When you think of the NBA’s most underrated players in the league, quite a few names can cross your mind. The list ranges from big men to sixth men, but there is no player in the league more under-appreciated than Golden State Warriors guard, Monta Ellis.
The combo guard has been under the radar ever since he was drafted in the second round back in the 2005 draft class. Being a guard and coming out of the same draft as players such as Chris Paul, Deron Williams and Raymond Felton can be tough when you’re already a lesser known prospect.
Starting off his career coming off the bench, Ellis was instantly a crowd favorite.
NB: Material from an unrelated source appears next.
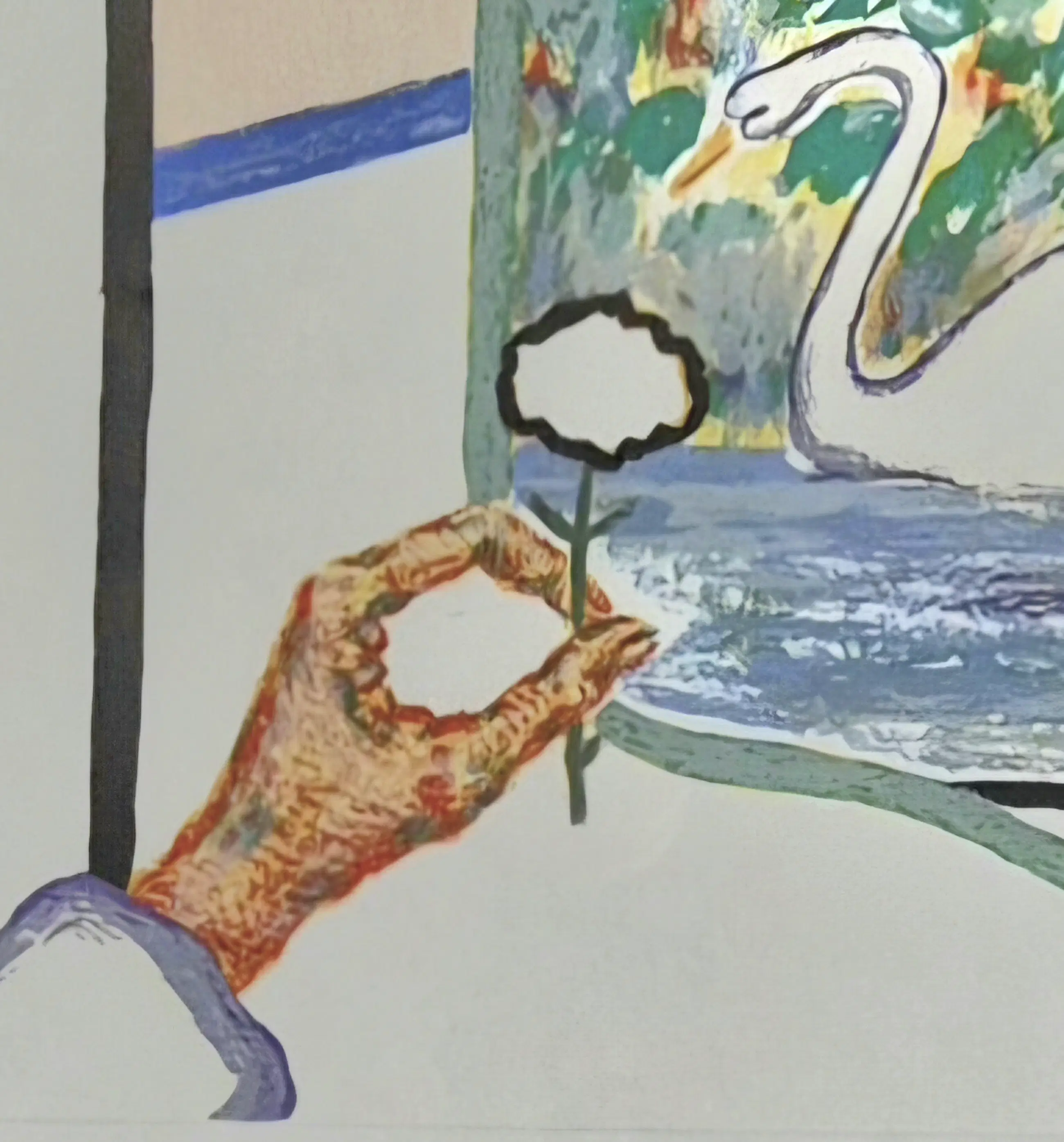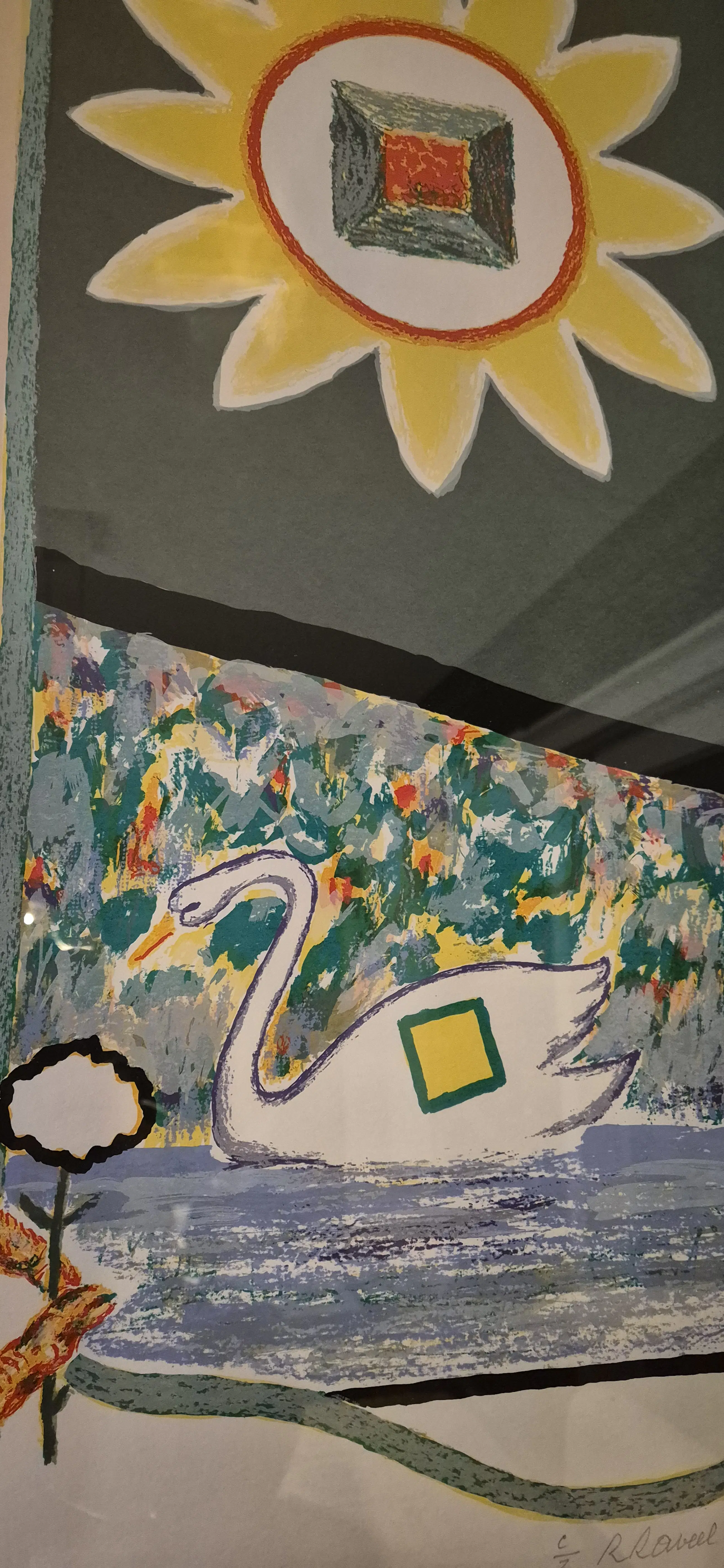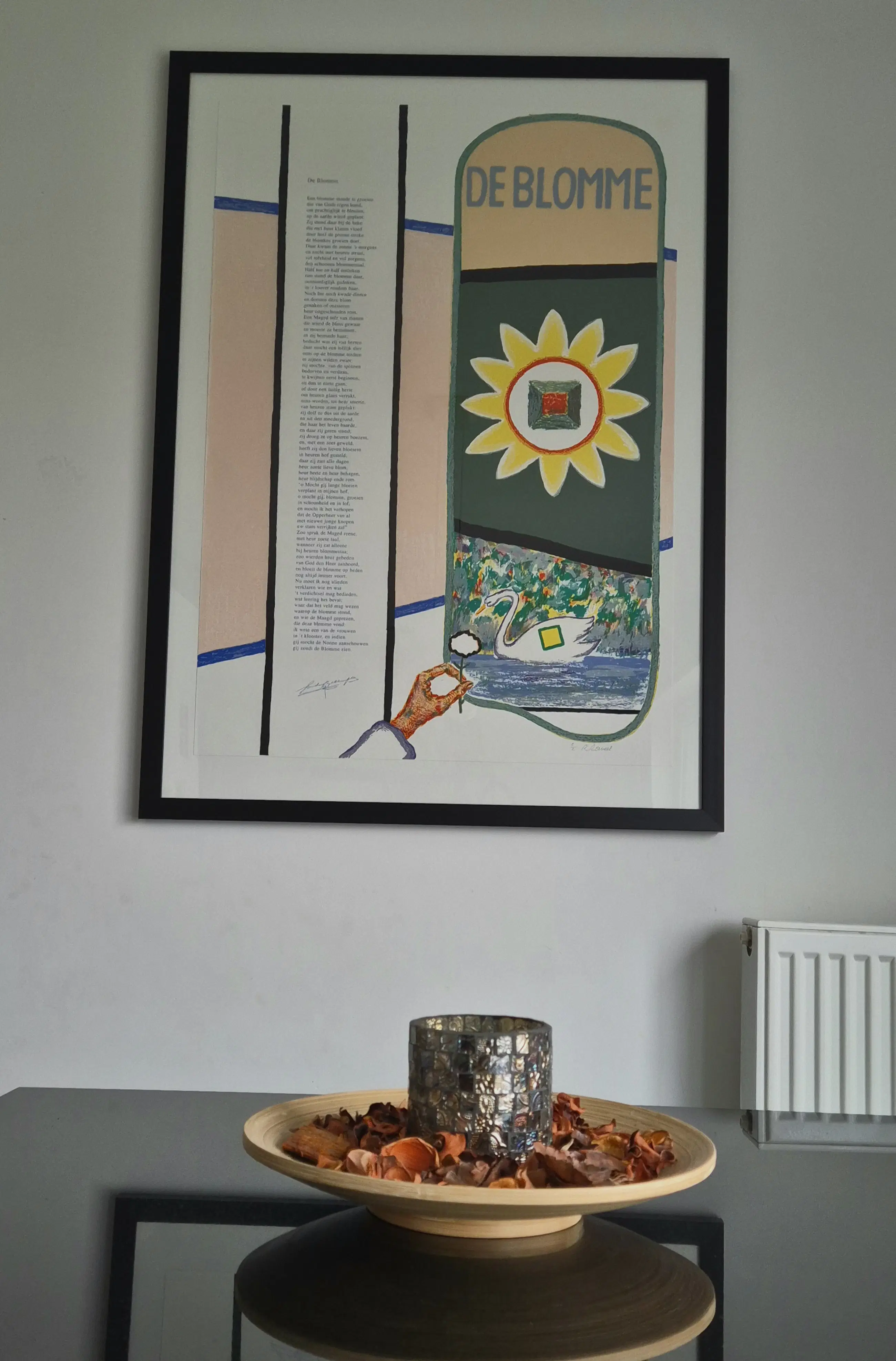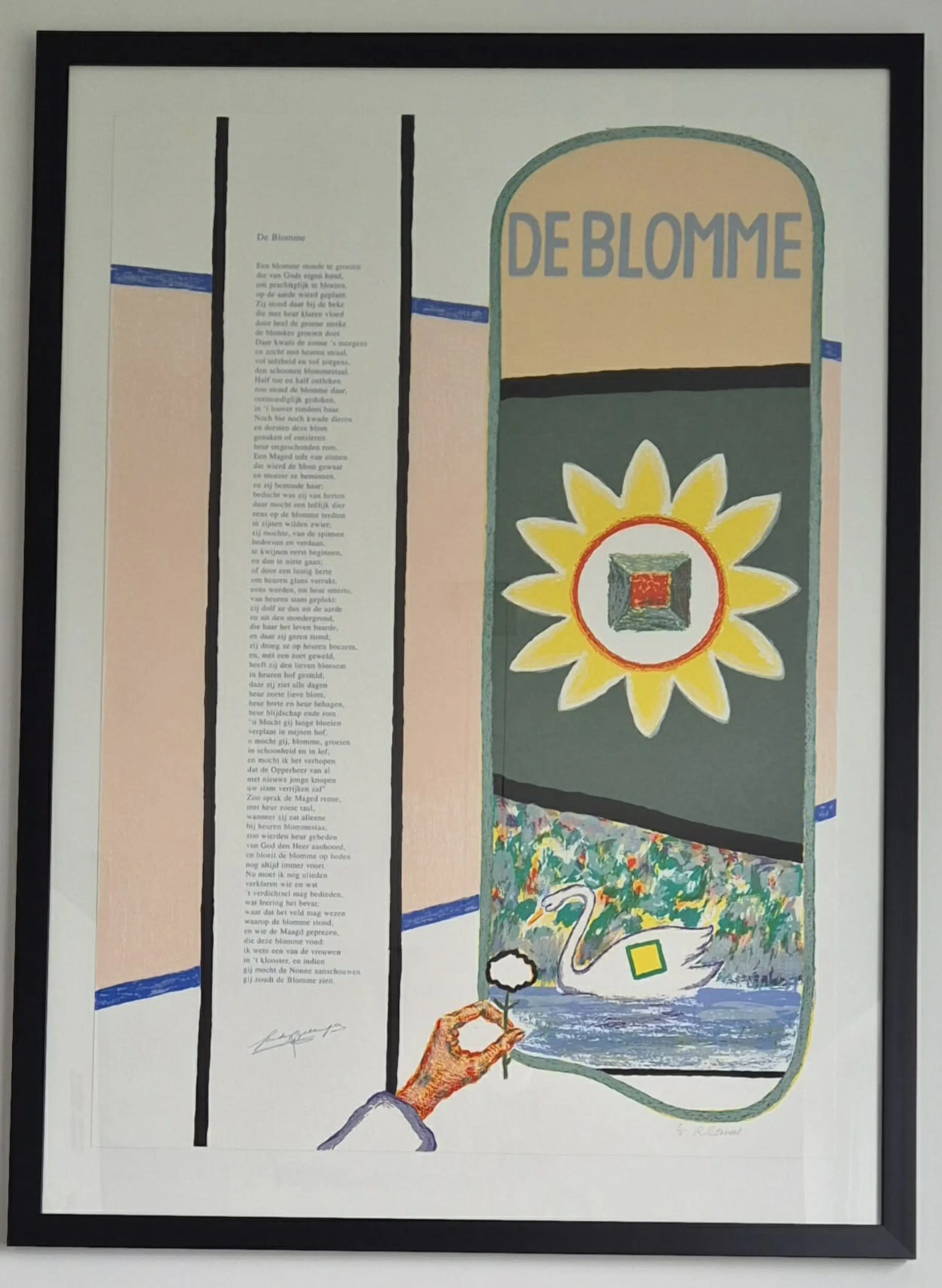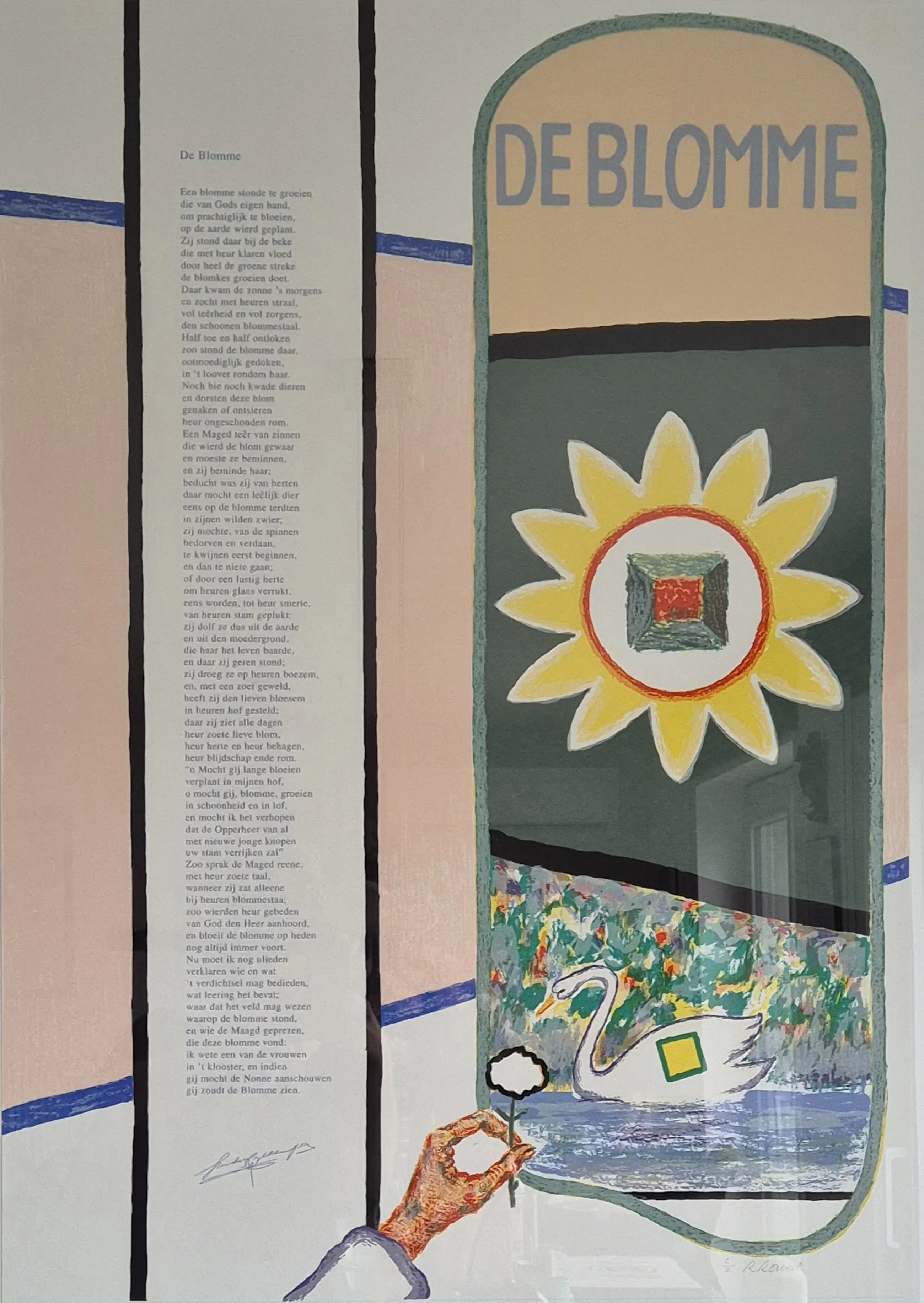 Een meesterlijke dialoog tussen kunst en poëzie. Haal een uniek stuk Belgische kunstgeschiedenis in huis met deze monumentale kleurenzeefdruk. In "De Blomme" komen de meest herkenbare symbolen uit het oeuvre van Roger Raveel samen in een harmonieus en kleurrijk geheel. Iconische Beeldtaal: Het werk toont de klassieke Raveel-elementen: de gestileerde zwaan (verwijzend naar zijn actie in de Brugse reien), de getekende hand die een bloem reikt, en de zonovergoten "blomme" met het kenmerkende vierkante gat. Artistieke Samenwerking: Het kunstwerk bevat het volledige gedicht "De Blomme" wat het tot een uniek verzamelobject maakt waarin beeldende kunst en literatuur elkaar versterken.

Diving for loose balls, doing all the hustle plays just to get off the bench and show what he can do, Ellis had to play with a chip on his shoulder.
It’s not often that combo guard becomes a successful player in the league. Coaches have a tough time placing them in the lineup. Monta would constantly have to either play point guard or the 2-guard, having to adjust to many guards in different sizes, speeds and defensive abilities.
Ellis and coaches finally realized it was best for him to play shooting guard. At 6’3", Monta has always had to defend bigger guards. While many critics claim he’s a liability on defense, he has proved that he can hang with some of the best guards in the league in the past two seasons.
When Ellis is not gambling for steals, he can be a good perimeter defender. Holding players like Brandon Roy and Kobe Bryant to bad shooting percentages had earned him recognition from Bryant and arguably the greatest coach of all time, Phil Jackson.
Defense can be tough for Ellis because he plays a numerous amount of minutes. He has been among the league leaders in minutes for most of his career, and he’s doing it while running in the fast pace tempo of the Warriors offense. Many people do not see that when they claim Ellis can’t defend.
With Coach Mark Jackson running the Warriors now with his committed defensive scheme, Ellis has even more of a chance to showcase that he can play well on both sides of the court.
Everyone should already know Ellis’ offensive game is nasty. He is arguably the fastest and quickest player in the league, ball in his hands or not. There is a reason he was once nicknamed “the one man fast break.”
Not only can Monta score in transition, but he can now score in the low post. Yes, Ellis the undersized shooting guard has developed a post game. He has a few moves and an amazing turnaround jumper that catches defenders off guard. Coach Jackson has utilized Ellis to the best of his abilities and his offensive game is complete.
The playmaking abilities of Ellis are now vastly improved. With point guard Stephen Curry out with an ankle injury, Ellis has had to play a lot of point guard in the past couple of weeks. His vision has gotten much better as a result.
A surprising stat is that Ellis is one of the only three players in the league that averages 20 points and seven assists per game this season. The other two players? LeBron James and Derrick Rose. Not a bad category of players to be in, and you would think that would get Ellis’ name bigger.
While Ellis has not been an All-Star before in his career, the Western Conference guards have got to be one of the tougher spots when it comes to the selection process. Now with players like Deron Williams going to the East, Steve Nash getting older and Manu Ginobili being out with an injury, Ellis has got to be getting big-time consideration for an All-Star nod.
Some people say that Ellis is overrated because of the system he plays in, but the Warriors are not the same fast pace team they once were. Ellis now plays in more of a half-court offense. He is still one of the best scorers in the league and is now even making a case for being one of the best passers. His defense has also vastly improved.
It’s time for Monta to stop being underestimated, unrecognized and underrated by the national media. Ellis is a top three shooting guard in the league behind Bryant and Dwyane Wade. It’s time he stops being under the radar and seen as one of the better players in the NBA.